Offrir. Dieu n’a besoin de rien de notre part. Les mages ont offert leurs présents en geste de reconnaissance (reconnaissance au sens identificatoire et au sens de gratitude) : ils reconnaissent en lui le roi (or), le prêtre (encens), le Ressuscité qui passe par la mort (myrrhe). C’est beau ce geste, car d’ordinaire nos visites à Dieu, c’est pour demander des grâces « spéciales » (guérison, réussite…) et (presque) jamais pour lui faire un cadeau. Qu’offrir ? une prière furtive, une bougie allumée, une pièce dans la collecte ? Mieux encore offrons à Dieu notre vie, nos soucis, nos espoirs, le meilleur de ce que nous sommes. Pourquoi ne pas offrir un service à la communauté, à un frère ou une sœur dans le besoin, car avec Dieu ce n’est pas une question de portefeuille, c’est plus une question de cœur.

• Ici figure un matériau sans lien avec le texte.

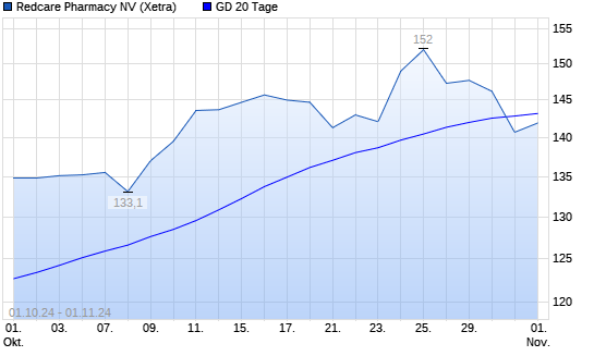 Mit dem Rücksetzer auf 140,50 EUR hat die Redcare Pharmacy (ex Shop Apotheke)-Aktie am 31.10.2024 die 20-Tage-Linie nach unten gekreuzt.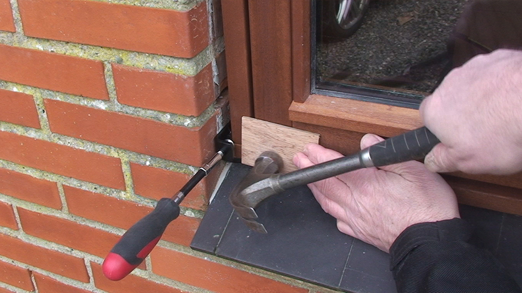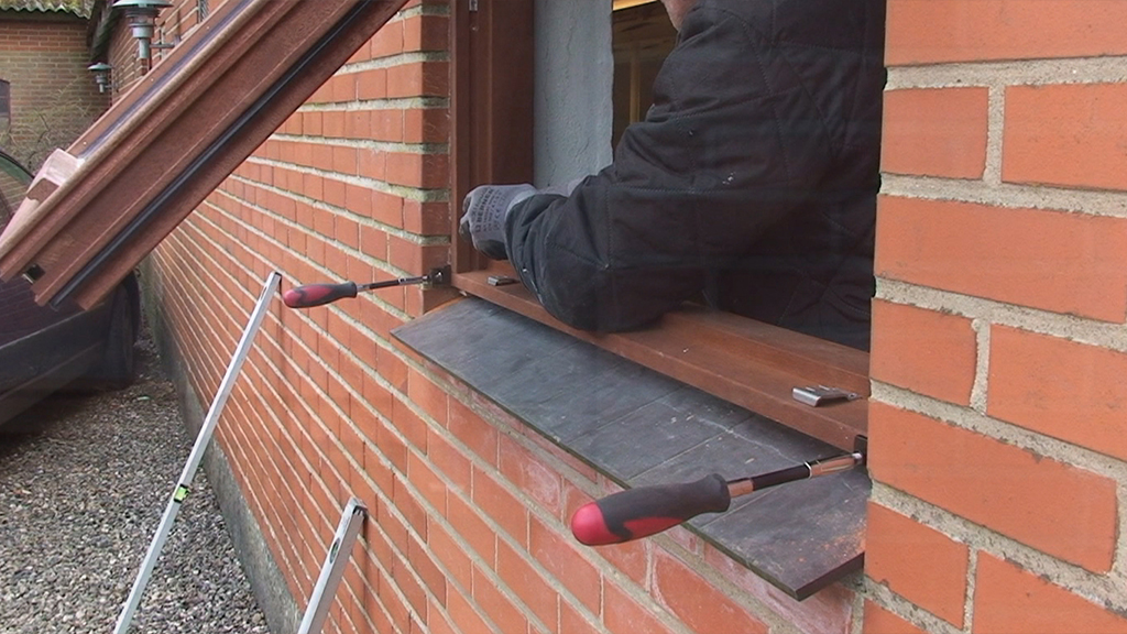Hier wird eine Außentür in einem holzverkleideten Ziegelsteinhaus montiert. Beachten Sie, wie einfach das Justieren und Erzielen eines perfekten Resultats für ihn ist.

Quelle autre leçon tirer de cette fête ? Sommes-nous comme les mages ou comme Hérode et son entourage ? Est-ce que nous sommes des chercheurs de Dieu ? est-ce que nous sommes de ceux qui croient savoir ? est-ce que nous sommes installés dans nos certitudes de sorte qu’il n’y a plus moyen de « bouger » ? est-ce que nous sommes de ceux qui ne « marchent » plus ? est-ce que nous levons au moins les yeux en refusant d’être terre à terre, rivés sur les faux messianismes que nous offre notre société de consommation ? est-ce que nous prenons le temps de lire les Écritures et de nous les faire expliquer pour aller plus avant ? Notre foi doit rester « recherche ». Les signes sont là dans le ciel de nos vies privées comme dans le firmament des événements du monde. La question est de savoir les apercevoir et les décoder, sans projeter nos propres idées fixes. Le décodeur ne peut être que la Parole de Dieu lue, méditée et célébrée dans l’assemblée liturgique et/ou dans la prière individuelle. De temps en temps l’étoile s’éclipse : c’est alors qu’il faut se pencher sur les Écritures avec plus de ferveur, ou aller se renseigner auprès de ceux qui « savent ». C’est alors qu’il faut aller adorer. Et nous serons à notre tour l’Étoile des mages pour notre monde, pour les autres qui cherchent la lumière et en trouveront le reflet sur nos visages, dans nos vies, dans nos familles, dans notre façon de témoigner et de rendre service.